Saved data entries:
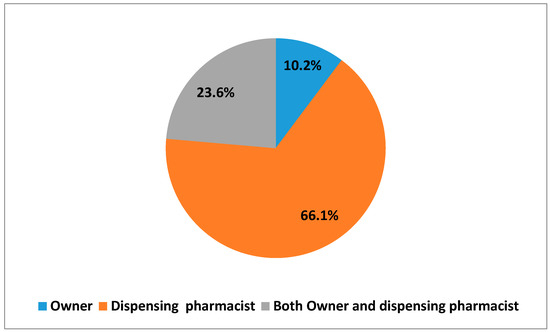 A total of 127 (64.5%) pharmacists worked in community pharmacies. Out of these respondents, who work in community pharmacies 13 (10.2%) were pharmacy owners, 84 (66.1%) were dispensing pharmacists and 30 (23.6%) were both owners and dispensing pharmacists (Figure 1). The majority, 68 (58.2%) of the respondents work in community pharmacies that are located in Dar es Salaam region and 11 (8.7%) in the Mwanza region of Tanzania (Figure 2).
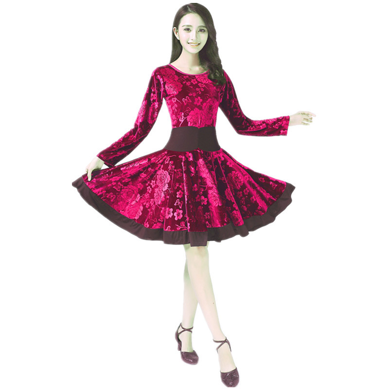 Pakaian dansa persegi, atasan lengan panjang musim gugur dan musim dingin hangat beludru emas pakaian latihan dansa Latin 2020
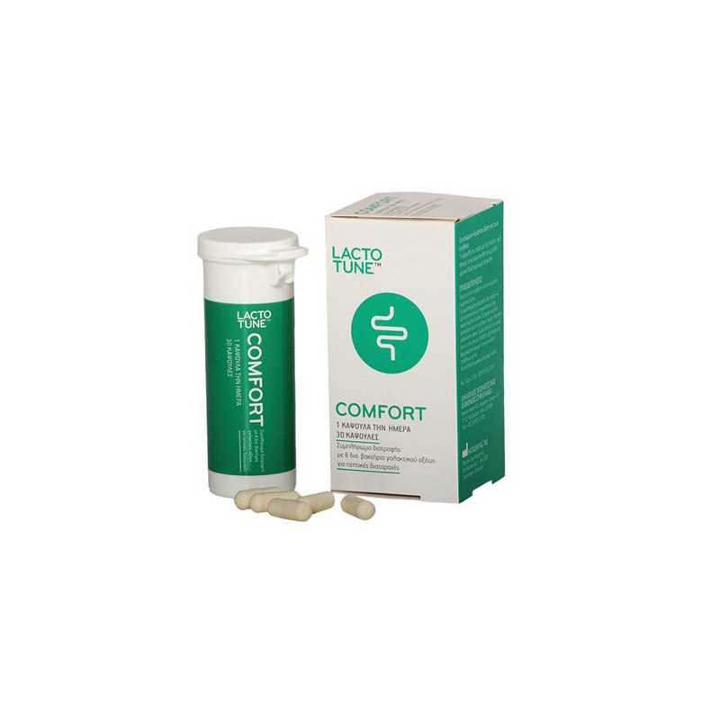 Το LACTOTUNE™ Comfort της Innovis Pharma, είναι ένα καινοτόμο συμβιωτικό προϊόν με 8 διαφορετικά στελέχη προβιοτικών βακτηρίων γαλακτικού οξέος (8 δισεκατομμύρια), με συγκεκριμένες ιδιότητες, πρεβιοτικές ίνες Actilight®, τη βέλτιστη τροφή των προβιοτικών, καθώς και μικρή ποσότητα κιτρικού ψευδαργύρου που συμβάλλει στο φυσιολογικό μεταβολισμό υδατανθράκων και μακροθρεπτικών συστατικών(4). Ο συνδυασμός αυτός επιδρά ευεργετικά στη συνολικότερη υγεία του πεπτικού συστήματος, ενώ ανακουφίζει από συμπτώματα όπως φούσκωμα, κοιλιακό άλγος, διάρροια, δυσκοιλιότητα κτλ.
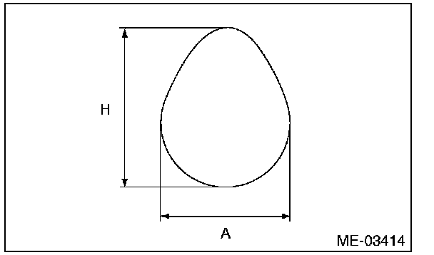 5) Measure the cam lobe height "H" and cam base circle diameter "A". If it exceeds the standard or offset wear occurs, replace it.
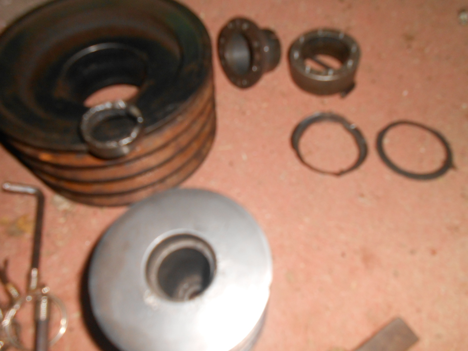 La poulie enlevée, avec le moyeu et les 4 vis de poussées (AqMP) : Le tout démonté en galérant un peu aussi (AqMP) : ET ENFIN, la bonne nouvelle, le palier est présent, il est simplement pas fixé... et apparemment, il aurait perdu ses joints d'étanchéités... (les deux sortes de rondelles retrouvées, entre la poulie et le palier/rotor.

Activity → Output the data above in full and exactly, with every image left out.

Response →
 A total of 127 (64.5%) pharmacists worked in community pharmacies. Out of these respondents, who work in community pharmacies 13 (10.2%) were pharmacy owners, 84 (66.1%) were dispensing pharmacists and 30 (23.6%) were both owners and dispensing pharmacists (Figure 1). The majority, 68 (58.2%) of the respondents work in community pharmacies that are located in Dar es Salaam region and 11 (8.7%) in the Mwanza region of Tanzania (Figure 2).
 Pakaian dansa persegi, atasan lengan panjang musim gugur dan musim dingin hangat beludru emas pakaian latihan dansa Latin 2020
 Το LACTOTUNE™ Comfort της Innovis Pharma, είναι ένα καινοτόμο συμβιωτικό προϊόν με 8 διαφορετικά στελέχη προβιοτικών βακτηρίων γαλακτικού οξέος (8 δισεκατομμύρια), με συγκεκριμένες ιδιότητες, πρεβιοτικές ίνες Actilight®, τη βέλτιστη τροφή των προβιοτικών, καθώς και μικρή ποσότητα κιτρικού ψευδαργύρου που συμβάλλει στο φυσιολογικό μεταβολισμό υδατανθράκων και μακροθρεπτικών συστατικών(4). Ο συνδυασμός αυτός επιδρά ευεργετικά στη συνολικότερη υγεία του πεπτικού συστήματος, ενώ ανακουφίζει από συμπτώματα όπως φούσκωμα, κοιλιακό άλγος, διάρροια, δυσκοιλιότητα κτλ.
 5) Measure the cam lobe height "H" and cam base circle diameter "A". If it exceeds the standard or offset wear occurs, replace it.
 La poulie enlevée, avec le moyeu et les 4 vis de poussées (AqMP) : Le tout démonté en galérant un peu aussi (AqMP) : ET ENFIN, la bonne nouvelle, le palier est présent, il est simplement pas fixé... et apparemment, il aurait perdu ses joints d'étanchéités... (les deux sortes de rondelles retrouvées, entre la poulie et le palier/rotor.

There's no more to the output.